Im Irak war Ted Cogan an der versehentlichen Vernichtung einer unschuldig ins Feuer geratenen Großfamilie beteiligt, und nun wollen ihn daheim in Amerika die Schreckensvisionen nicht loslassen. Wohin er sich auch dreht und wendet, immer erscheinen da verstümmelte Gestalten, sieht er furchtbare Verbrechen, vernimmt kryptische Botschaften, die außer ihm keiner wahrnimmt oder deuten kann. Kurz, bevor seine Familie am Wahnsinn zu zerbrechen droht, kommt Cogan den im eigenen Umfeld verborgenen Ursachen auf die Spur.

Der Film "Echoes - Stimmen aus der Zwischenwelt" ging 1999 in den deutschen Kinos leider völlig unter. Da halfen auch gute Kritiken nicht. Zu groß war der Hype um den ähnlich gelagerten "The Sixth Sense". Eigentlich schade, denn "Echoes" reichte nicht ganz an den Willis-Film ran, war aber auch nicht so weit davon entfernt. Seid einigen Jahren wird versucht, mit hinterhergeschobenen DVD-Sequels, die mit den jeweiligen Original meist nur den Namen gemeinsam haben, schnell Kasse zu machen. Selten kommt dabei etwas Gutes raus, dass es aber möglich ist, hat "White Noise 2" bewiesen.
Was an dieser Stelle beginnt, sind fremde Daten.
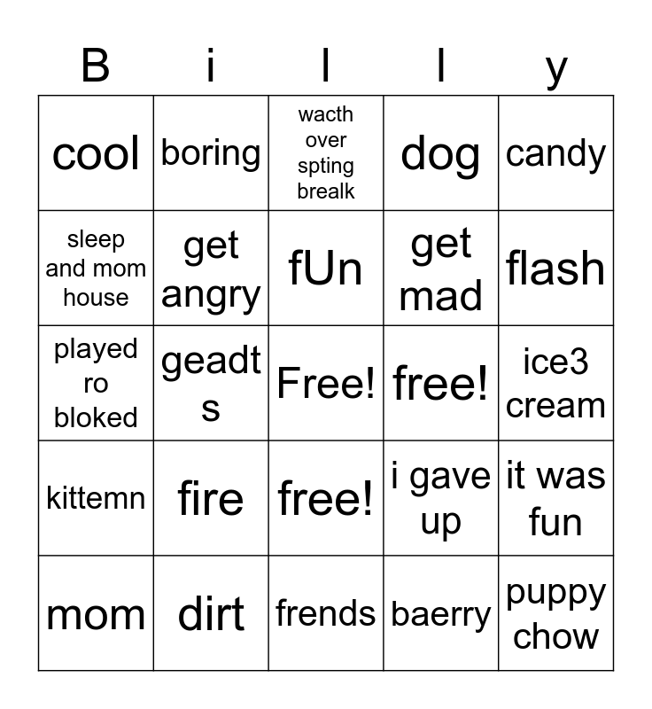 This bingo card has a free space and 24 words: fire, dirt, fUn, mom, candy, cool, sleep and mom house, boring, free!, free!, get mad, played ro bloked, i gave up, it was fun, get angry, baerry, ice3 cream, wacth over spting brealk, flash, geadt s, puppy chow, kittemn, dog and frends.
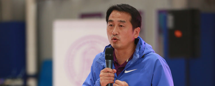 学生代表,曾参加北京奥运会、连续两届全运会800米冠军李翔宇发言,回忆了在“马班”的学习训练生活,并且鼓励师弟师妹们好好学习好好训练,百尺竿头更进一步。
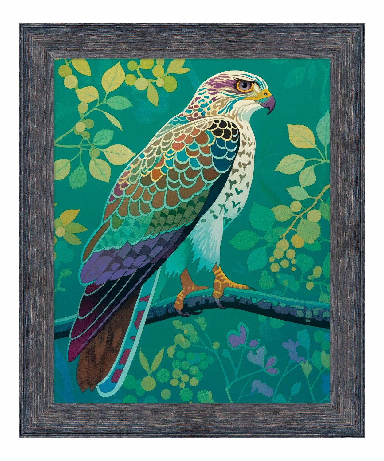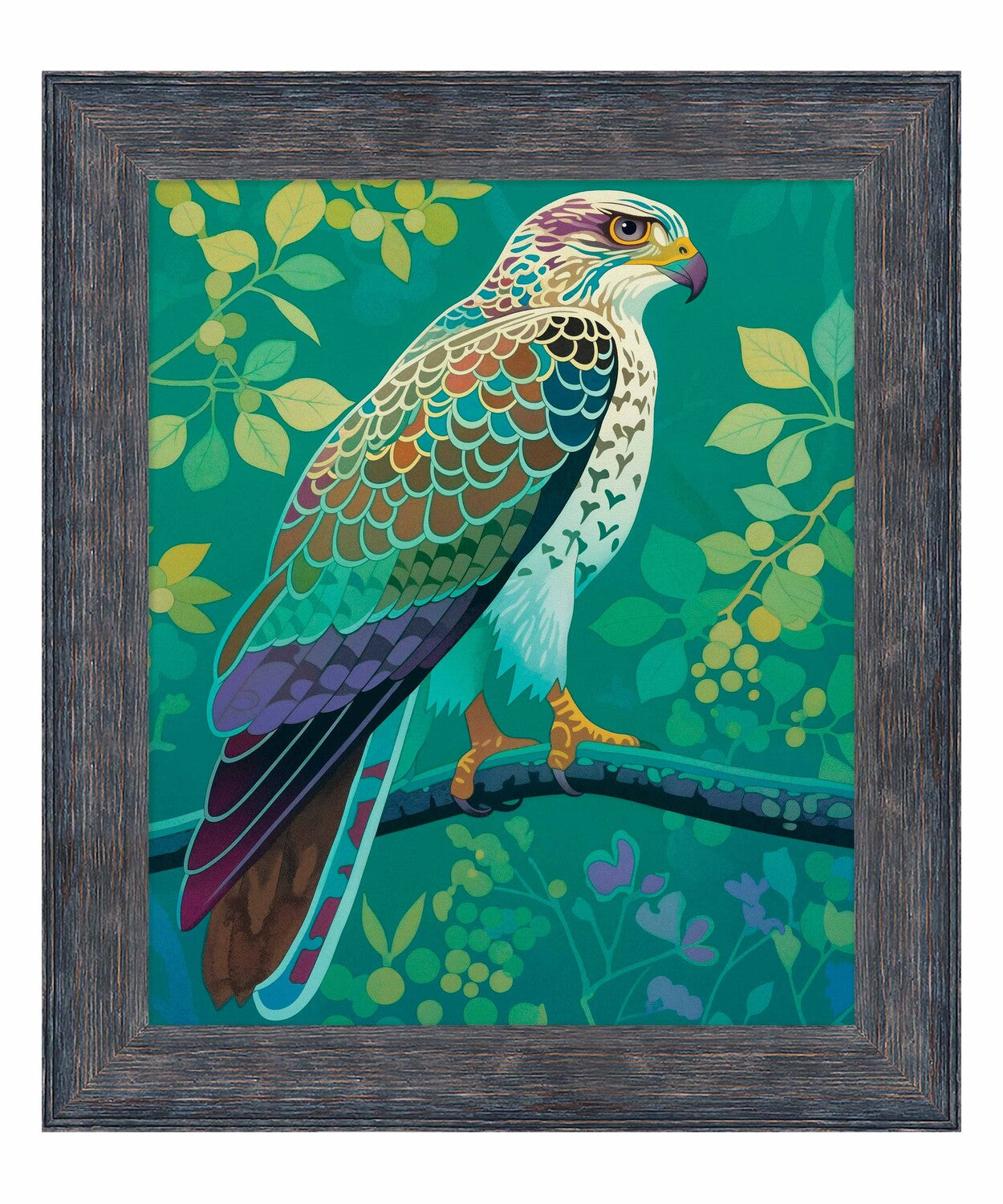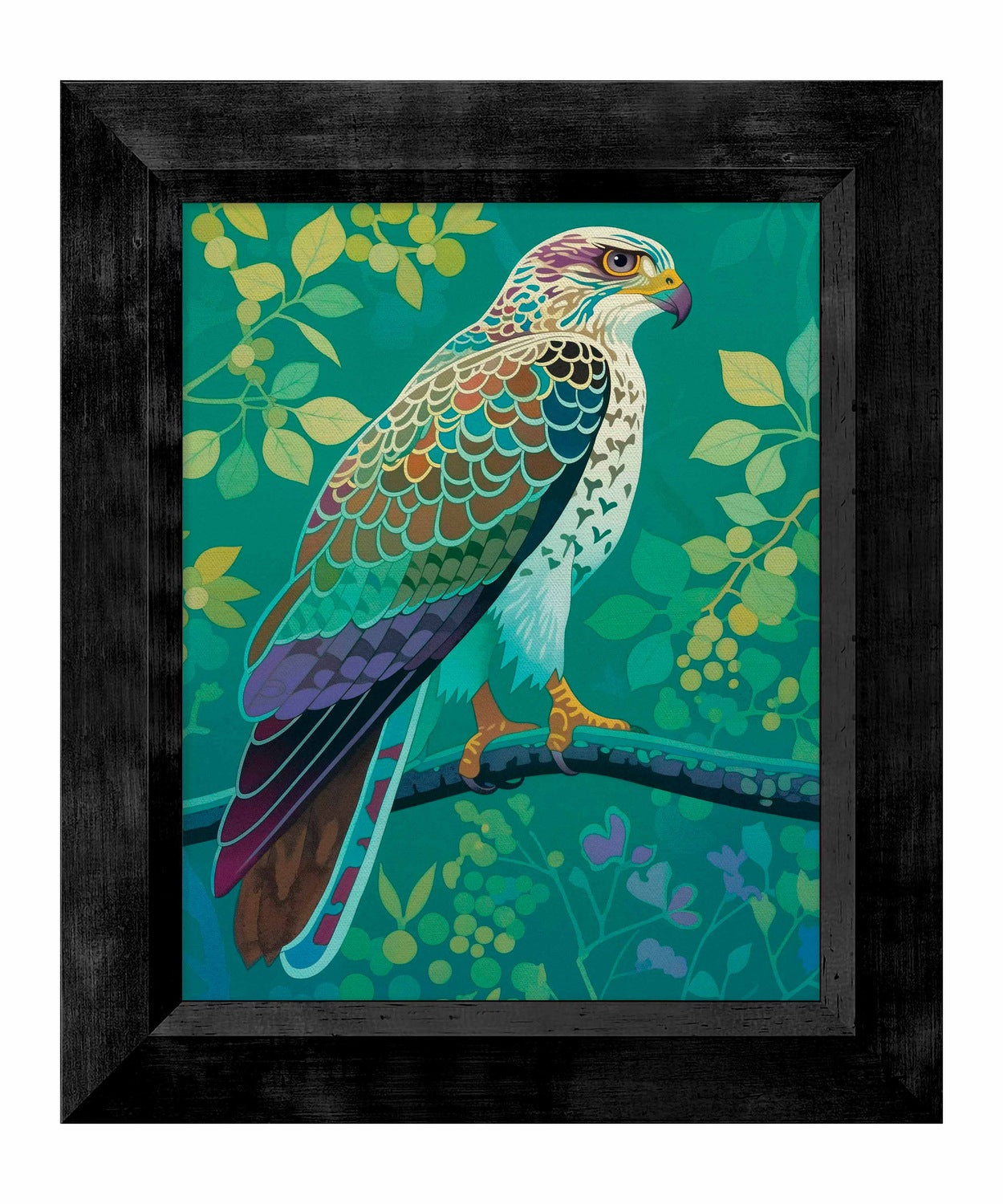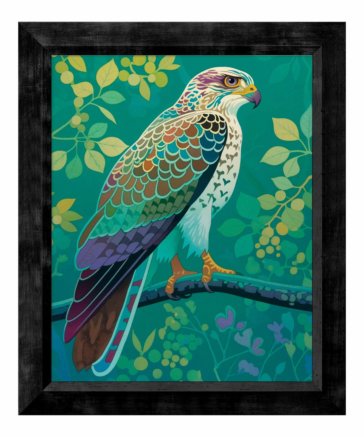 The artist's use of a rich, saturated color palette creates a sense of depth within the foliage. The contrasting hues and intricate patterns draw the viewer's eye, making the hawk the undeniable focal point of the composition. The lush background, with its varied shades of green and hints of yellow and purple, adds to the overall sense of vibrancy and natural beauty.

Nun liegt also "Echoes 2" vor, und man fragt sich, ob er ansatzweise an das Original heranreichen kann. Das ist so leicht gar nicht zu beantworten denn der Film unterscheidet sich doch gravierend vom ersten Film. Diesmal ist es keine Hypnose, die dazu führt, dass die Hauptperson Einblicke in die Geisterwelt erhält, sondern ein Kriegstrauma. Zumindest wirkt es über lange Zeit so. Das ist natürlich ein aktuelles Thema, mit dem versucht wird, kritische Untertöne in die Handlung einzuflechten. Warum auch nicht. Allerdings hat man es damit vielleicht ein wenig zu gut gemeint, denn im Verlauf werden dann auch gleich Themen wie Jugendgewalt und Rassismus mit eingebaut. Das ist für einen Unterhaltungsfilm, der im Gruselgenre angelegt, möglicherweise wirklich zu viel. Ich persönlich empfand es aber nicht unbedingt störend oder aufdringlich. Letztendlich ist es für den Plot sogar entscheidend aber ich will an dieser Stelle nicht zu viel verraten.
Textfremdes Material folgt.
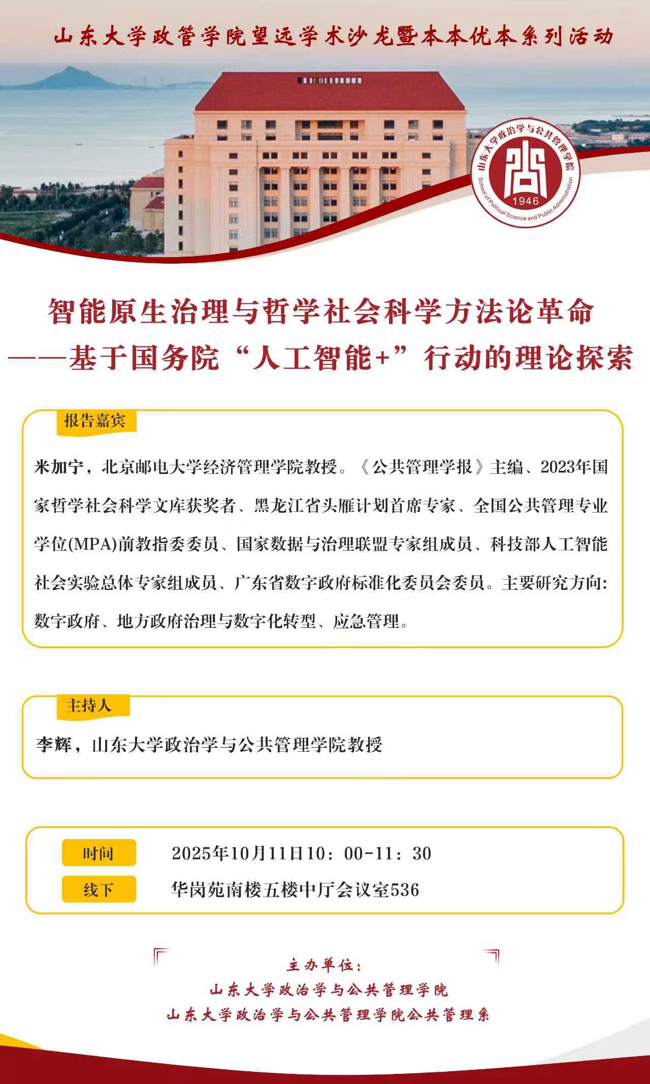 【讲座预告】智能原生治理与哲学社会科学方法论革命——基于国务院“人工智能+”行动的理论探索

Ein großer Pluspunkt des Films ist das von Anfang an hohe Tempo. Schock und Gruselmomente gibt es im Minutentakt und man hat nicht viel Zeit zum Durchatmen. Erstaunlicherweise hält der Film diese Tempo auch fast die ganze Laufzeit durch ohne dass es hektisch wirkt. Die Story bietet einen doch großen Twist zum Ende hin der dann vielleicht ein wenig zu lange ausgewälzt wird. Der ein oder andere wird die Wendung vielleicht aber doch schon ahnen können.

Fazit: Insgesamt ist "Echoes 2" nicht so gut wie Teil 1, aber welches DVD-Sequel könnte dass schon behaupten? Trotzdem kann ich den Film für einen DVD-Abend ohne Bedenken empfehlen. Keine Längen, schnell inszeniert und durchaus ansehnliche Gruseleffekte.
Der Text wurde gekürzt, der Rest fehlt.